### DESCRIPTION OF THE TASK
Print, from the listing below, the lines starting at the line containing "Воздушный шар латексный" and ending at the line containing "Otrzymane wyniki mamy", exactly as they stand, and print nothing else.

### DATA PROVIDED

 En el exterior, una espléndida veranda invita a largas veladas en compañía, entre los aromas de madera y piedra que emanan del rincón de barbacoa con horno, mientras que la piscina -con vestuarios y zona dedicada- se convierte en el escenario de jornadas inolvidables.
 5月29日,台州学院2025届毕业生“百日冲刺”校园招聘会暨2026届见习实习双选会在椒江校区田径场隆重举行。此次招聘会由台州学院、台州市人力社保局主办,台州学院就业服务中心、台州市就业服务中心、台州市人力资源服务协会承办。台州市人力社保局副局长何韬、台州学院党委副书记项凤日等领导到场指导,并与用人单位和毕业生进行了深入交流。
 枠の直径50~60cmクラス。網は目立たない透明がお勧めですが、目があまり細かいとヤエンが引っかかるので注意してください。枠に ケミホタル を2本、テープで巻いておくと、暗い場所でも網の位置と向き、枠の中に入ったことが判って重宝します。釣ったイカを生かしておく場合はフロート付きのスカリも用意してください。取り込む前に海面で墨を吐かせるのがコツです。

---

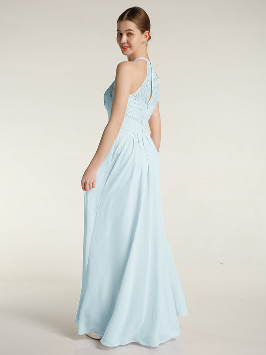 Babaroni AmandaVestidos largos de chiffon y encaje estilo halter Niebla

...

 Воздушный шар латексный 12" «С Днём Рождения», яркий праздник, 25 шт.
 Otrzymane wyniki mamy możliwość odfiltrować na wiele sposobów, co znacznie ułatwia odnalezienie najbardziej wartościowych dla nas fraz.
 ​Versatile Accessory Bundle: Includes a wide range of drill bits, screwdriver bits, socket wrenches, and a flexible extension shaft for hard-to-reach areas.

### THE COMPLETED TASK
 Воздушный шар латексный 12" «С Днём Рождения», яркий праздник, 25 шт.
 Otrzymane wyniki mamy możliwość odfiltrować na wiele sposobów, co znacznie ułatwia odnalezienie najbardziej wartościowych dla nas fraz.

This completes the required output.